Rick’s suppressed past jarringly reemerges in the form of the incomparable beauty, Ingrid Bergman, who plays the character Isla Lund. Bergman is the perfect foil for Bogart’s character, because it takes a woman like her to shake Bogey’s cool. As the plot unravels, Isla and Rick had a tumultuous love affair in Paris before the Nazi occupation tore them apart. While, I am not interested in spoiling the film, I do have to note that there were other forces than the Nazi’s that also played a part in their separate diasporas. However, after a couple of years have passed, Isla and her husband Victor Laszlo descend upon Rick’s purgatory seeking letters of transit to aid in their departure. Victor Laszlo is an extremely important figure in the underground, and publishes revolutionary newsletters that organize the resistance in Europe against Nazi occupation. As Victor and Isla arrive in the city, they head to the bastion of Western culture in the city, Rick’s Café Américain. This sparks Humphrey Bogart to deliver one of the most famous lines in cinematic history, “Of all the gin joints, in all the towns, in all the world, she walks into mine.”

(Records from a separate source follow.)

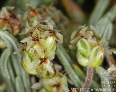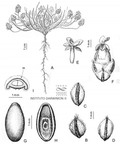 Hierbas anuales, bienales o hasta de 3 años, hasta de 0,15 m de alto; raíz primaria profunda, fusiforme, engrosada, hasta de 15 cm de largo con raíces secundarias filiformes; cáudex corto, grueso, de 5-15 mm de largo. Hojas arrosetadas, alternas; láminas lineares, de 1,5-10 × 0,05-0,1 cm, ápice agudo, base subvaginante, margen entero, densamente seríceo-pubescentes, raramente glabras. Espigas ovoides o globosas, multifloras o bien paucifloras, de 5-15 mm de largo; escapos ascendentes, de 1,4- 14,5 cm de largo, densamente seríceo-pubescentes. Flores en la axila de una bráctea triangular-ovada, de 2-3 mm de largo; cáliz con sépalos connados sólo en la base, lóbulos de 2,6-3,2 mm de largo; corola con el tubo glabro, lóbulos de 1,3-3,3 mm de largo. Pixidio 1-seminado, elipsoide, de 4,5-5,2 mm de largo. Semillas elipsoides, de 1,9-2,7 mm de largo.
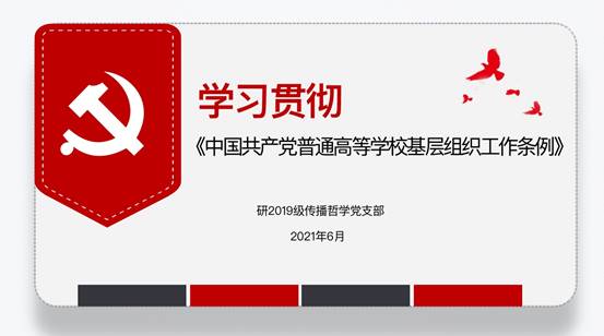 2021年6月3日晚上8点,2019级硕士传播哲学党支部召开线上主题教育会议,共同学习《中国共产党普通高等学校基层组织工作条例》、学校十四次党代会以来的建设与发展成就展等内容。本次会议由支部副书记冷宇同志主持开展,支部全体成员参与会议。
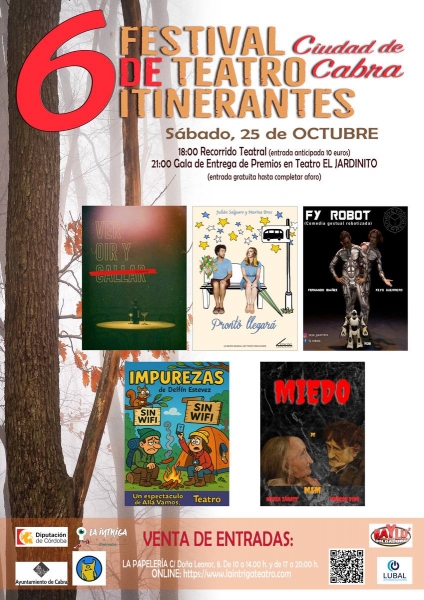 Las entradas ya están disponibles tanto de forma presencial en el establecimiento "La Papelería" (calle Doña Leonor) como a través de la web de "La Intriga Teatro" (www.laintrigateatro.com) en el apartado Cabra Festival de Teatro "Itinerantes".
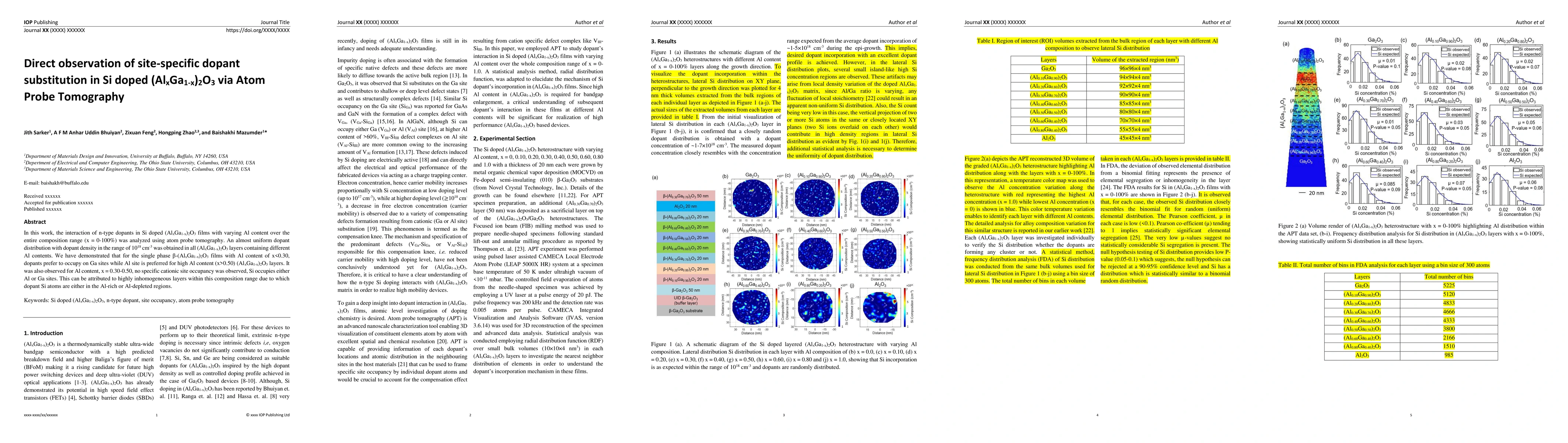 This paper uses atom probe tomography to observe dopant substitution in Si-doped (AlxGa1-x)2O3 films, finding uniform dopant distribution across varying Al contents. Dopants prefer Ga sites for low Al content and Al sites for high Al content, with no specific site preference for intermediate Al contents due to compositional inhomogeneity.
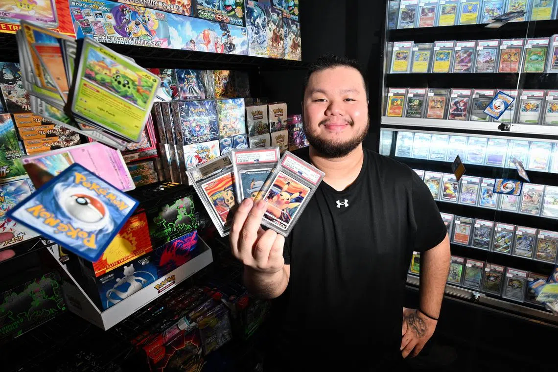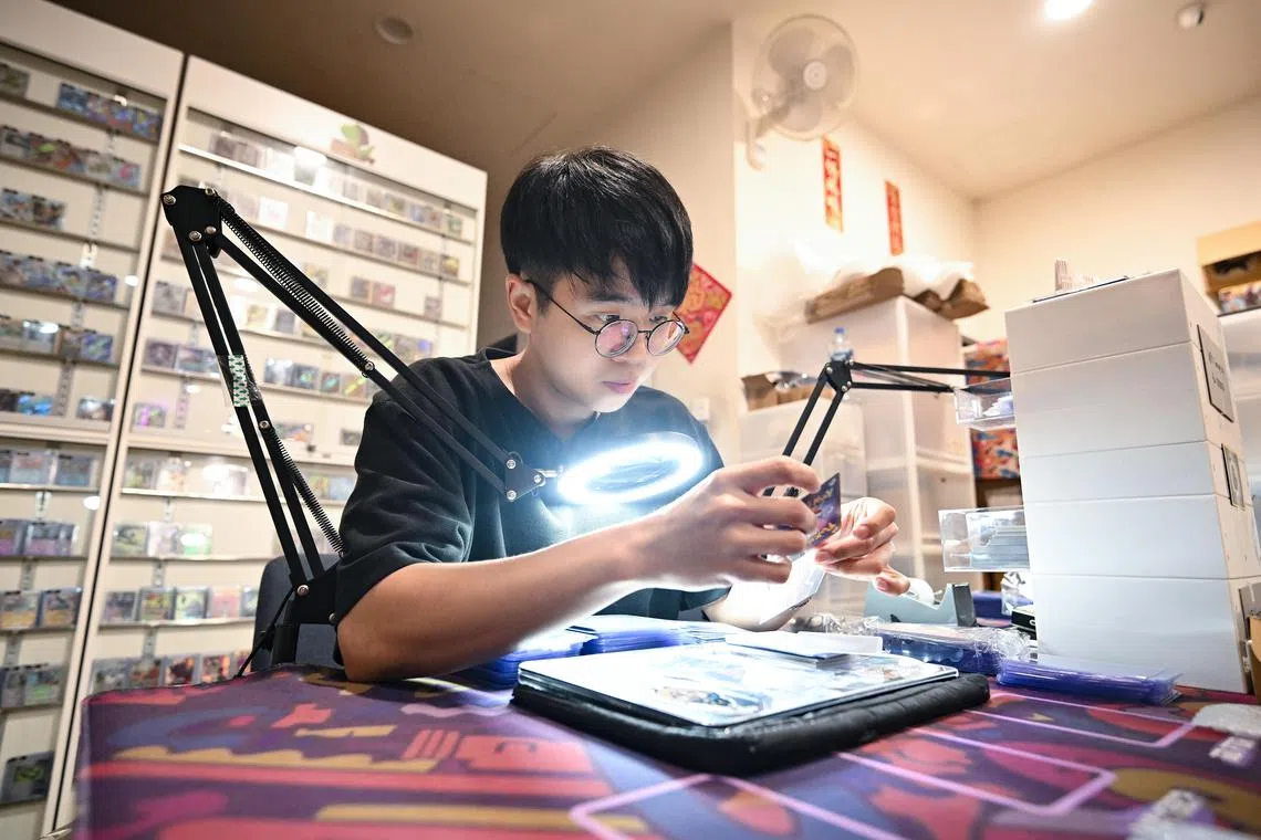 Mr Xavier Sin, 25, is a grading consultant who evaluates the condition and quality of Pokemon cards at Concept City, a card shop.
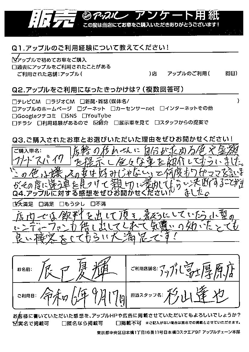 A:店舗の杉山さんに自分が求める色や金額を提示し、色々な車を紹介してもらいました。
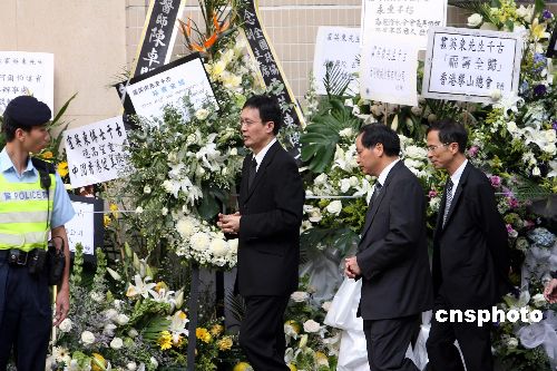 全国政协副主席霍英东的追悼会,7日上午八时半在香港殡仪馆举行,众多政府官员、商贾、著名人士到场出席,场面隆重。民建联主席马力、副主席叶国谦、曾钰成出席追悼会。中新社发 洪少葵 摄
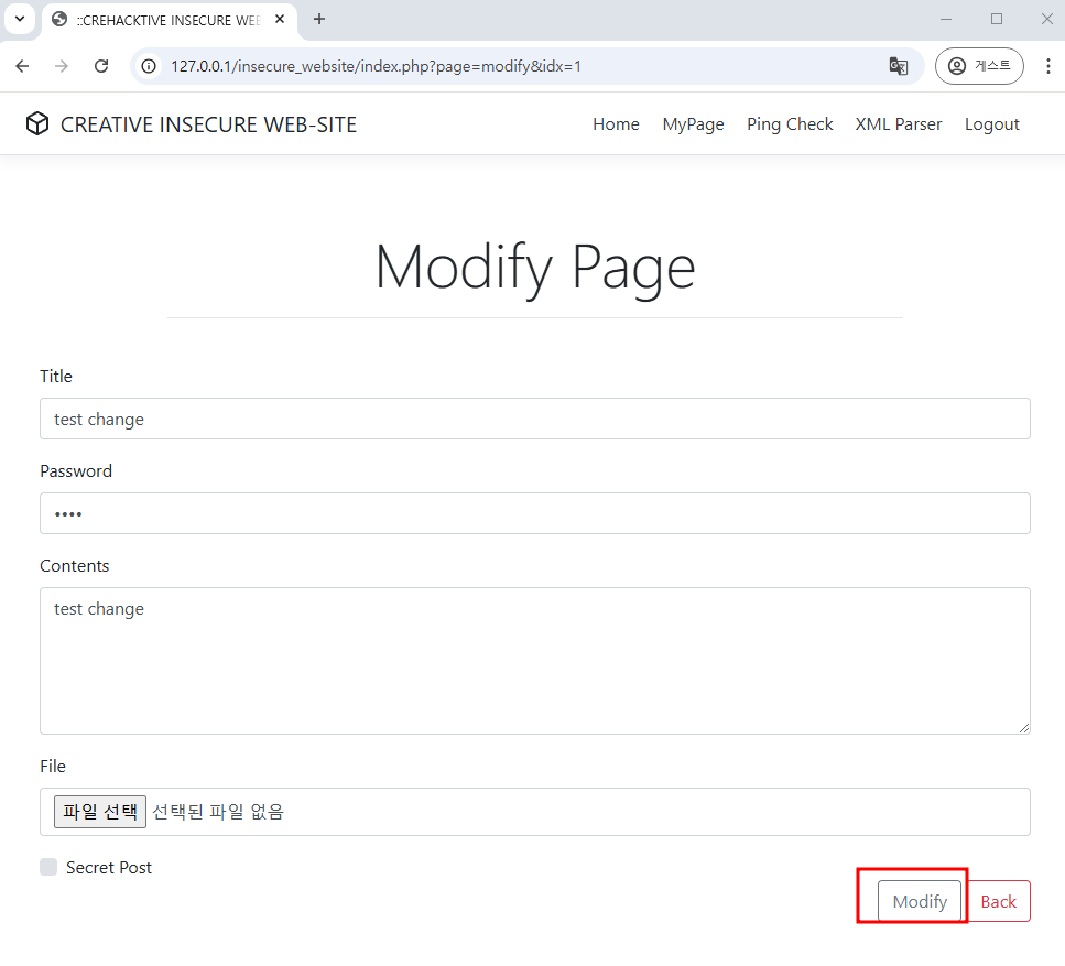 제목과 내용을 변경 후 비밀번호를 입력하고 Modify를 클릭하면 게시글 변경이 완료된다.
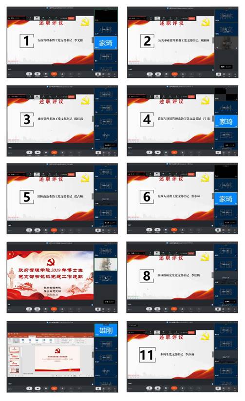 会议上,共有10位党支部书记进行线上述职汇报,1位党支部书记进行书面述职。各位党支部书记围绕学习贯彻落实习近平新时代中国特色社会主义思想、党的十九大精神和十九届四中全会精神、切实开展“不忘初心、牢记使命”主题教育、推进“两学一做”学习教育常态化制度化、贯彻全国教育工作会议和各级思想政治工作会议精神、抓党建促进支部建设等方面,重点介绍了自己在2019年的履职情况,展示了支部党建工作开展的特色做法和亮点,同时对支部党建工作存在的工作难点和问题进行了阐述,提出了进一步加强基层党组织建设的思路和措施。与会人员普遍反映,深入学习贯彻党的十九大精神系列活动和“不忘初心、牢记使命”主题教育切实增强了我院师生党员的“四个意识”,坚定“四个自信”,做到“两个维护”,锻炼并提升了各党支部书记的能力水平,但同时与会人员也反映理论学习有待于深入,党建工作创新性有待于提高,支部建设与“双一流”建设结合有待于加强等切实存在的问题。
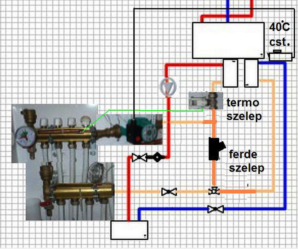 Szia Zoli! Csak félve kérdezném meg, hogy a vázolt elrendezés esetleg működőképes volna-e a mostani rendszerben. A padlófűtési szivattyúnak mindig mennie kell a HV miatt vagy nem is hasonlít egy lemezes hőcserélős megoldáshoz a primer kör teljesítmény elosztása? A thermoszelep a pf. gyűjtő-osztó visszatérőjén kontrollál vagy elnéztem a bekötést? A fittingek több helyen leszűkülnek a fő méret (22mm) alá ahol megnő a nyomás és a sebesség ami nem jó a tömegáram tekintetében a padlókörnek sem. Persze lehet, hogy rosszul ítélem meg csak ötleteltem volna egy nem túl nagy átalakítás felé.
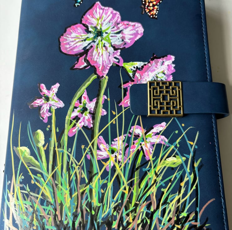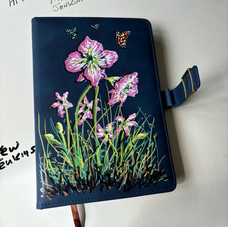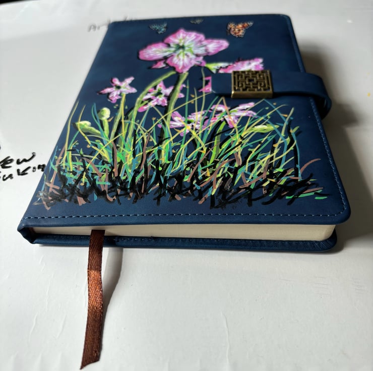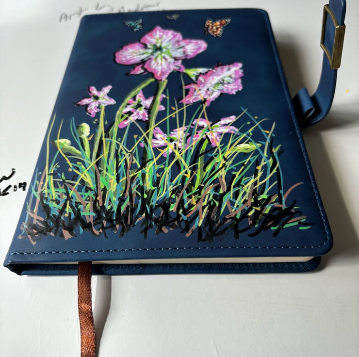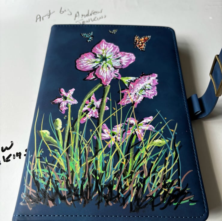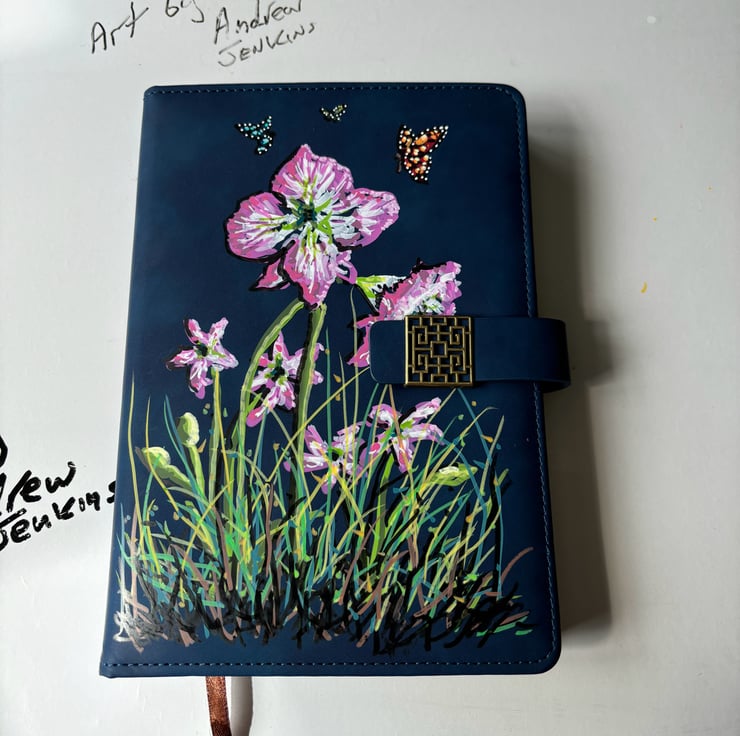 A hand painted and sealed faux leather bound journal with pen by Andrew Jenkins
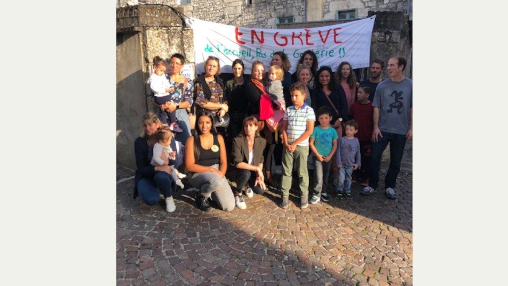 Malgré la grève, la crèche restait ouverte et tournait à minima, pour ne pas impacter trop lourdement les familles. L’accueil se faisait de 8h30 à 17h30. D’ailleurs, la plupart des familles prévenues en amont de la journée de grève ont tout à fait compris le combat des salariés de la crèche. Banderoles accrochées, vers 17h30 des parents se sont joints également au mouvement pour montrer leur engagement à maintenir la crèche ainsi que de faire perdurer une qualité d’accueil.
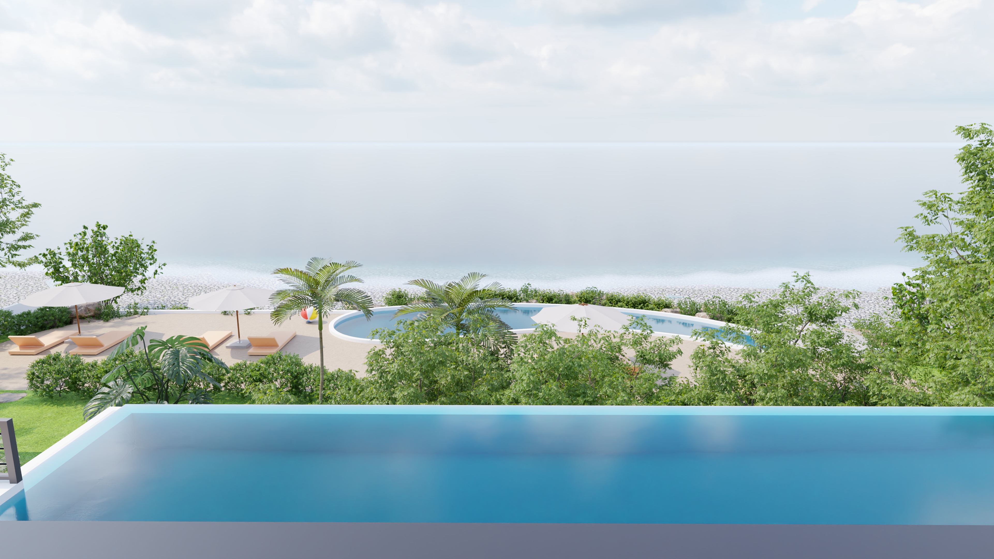 - Location ideal for installing a sandy beach area in front of an infinity pool set back from the shore }
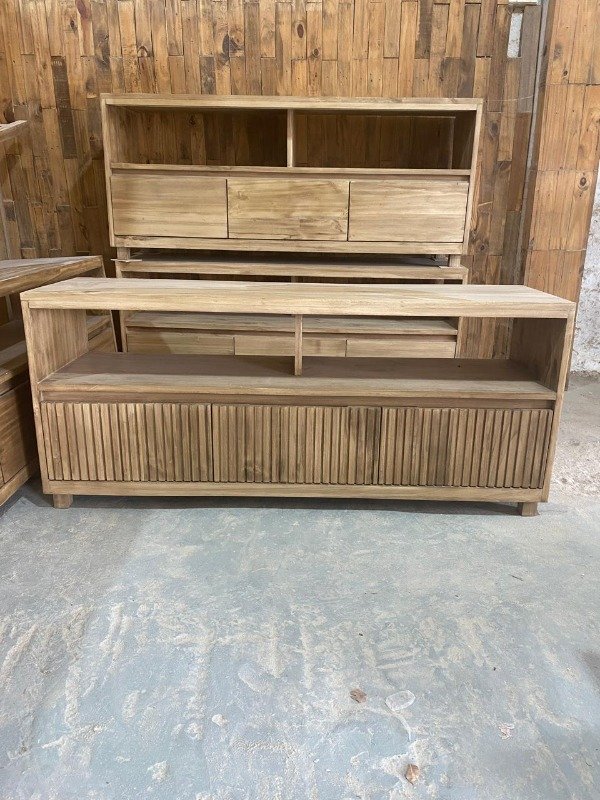 Construido con materiales de alta calidad, el Rack Lujan está diseñado para ser duradero y resistente. Puedes elegir entre mantenerlo en su acabado natural de álamo crudo, listo para que puedas personalizarlo según tus preferencias, o con un lustre similar al petiribi que realza la belleza natural de la madera.
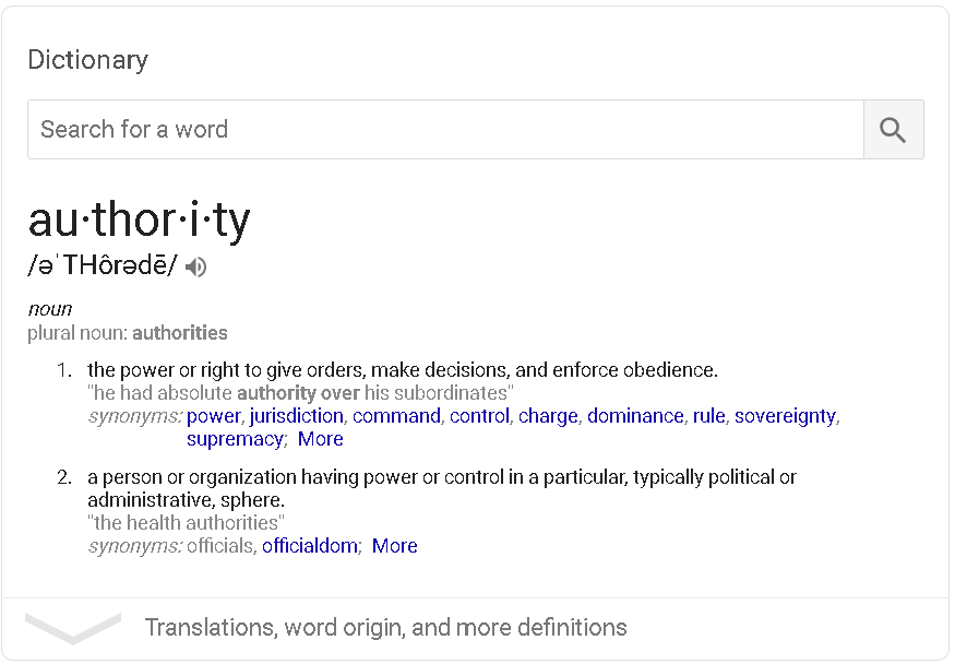 Authority, is an interesting word. A common use of the word is in reference to the police. Is this even a correct way to think of the police? Let’s look at the definition:

Rather than spill out the rest of the plot summary that you can read on Wikipedia or IMDB, I want to highlight two of my favorite scenes of the film. The first of which, is a scene that contains the most moving presentation of the La Marseillaise (The French National Anthem) that has ever been portrayed in film. The scene is set in Rick’s and takes place after the arrival of Victor Laszlo. A group of German soldiers at Rick’s are inebriated at the bar, and begin singing the German national anthem. In the sake of full disclosure, I have no idea if it is the Nazi National Anthem or the German National Anthem. Victor Laszlo stands up in the bar and begins to sing La Marseillaise, and slowly more and more patrons of the bar join Laszlo in song. This leads to a cacophonous battle of music between the German soldiers and the stranded French citizens. Then, in a triumphant moment, the French song crescendos to completely drown out the German voices. This is the turning point of the film, and causes the politically abstinent Rick to realize the importance of Laszlo to the underground cause.
The second important part of this movie that I would like to highlight is the evolution of Hollywood in its portrayal of the black piano player, Sam (Dooley Wilson). Now I need to write a small concession before I explain myself, I am not saying that in 1943 Hollywood had finally overcame its issue of race portrayal in film. In fact, I am willing to argue the point that it still hasn’t overcome it. However, I want to applaud Casablanca for refusing to make Sam a caricature. I understand that as one of the only black people in the movie, his portrayal of a piano player could tread the Gone With the Wind line and ignore the vibrant Black culture in America at that time. However, Casablanca very clearly denotes that Sam is a minority owner of Rick’s and that he and Rick have been lifelong friends. Also, Dooley Wilson is insanely talented and if I had unlimited money I would pay for his hologram to play As Time Goes By at my wedding. While race portrayals of most 1940’s films are still incredibly dated, a nice way of saying racist, it was at least nice to see that one screenwriter wrote a role that positively portrayed a black man in early Hollywood.
I know I have said this before in my review of Gone With the Wind, but this film trumps my previous recommendation. You must see this film. There hasn’t been a single film we have seen thus far that is as cinematically important or as well done as Casablanca is.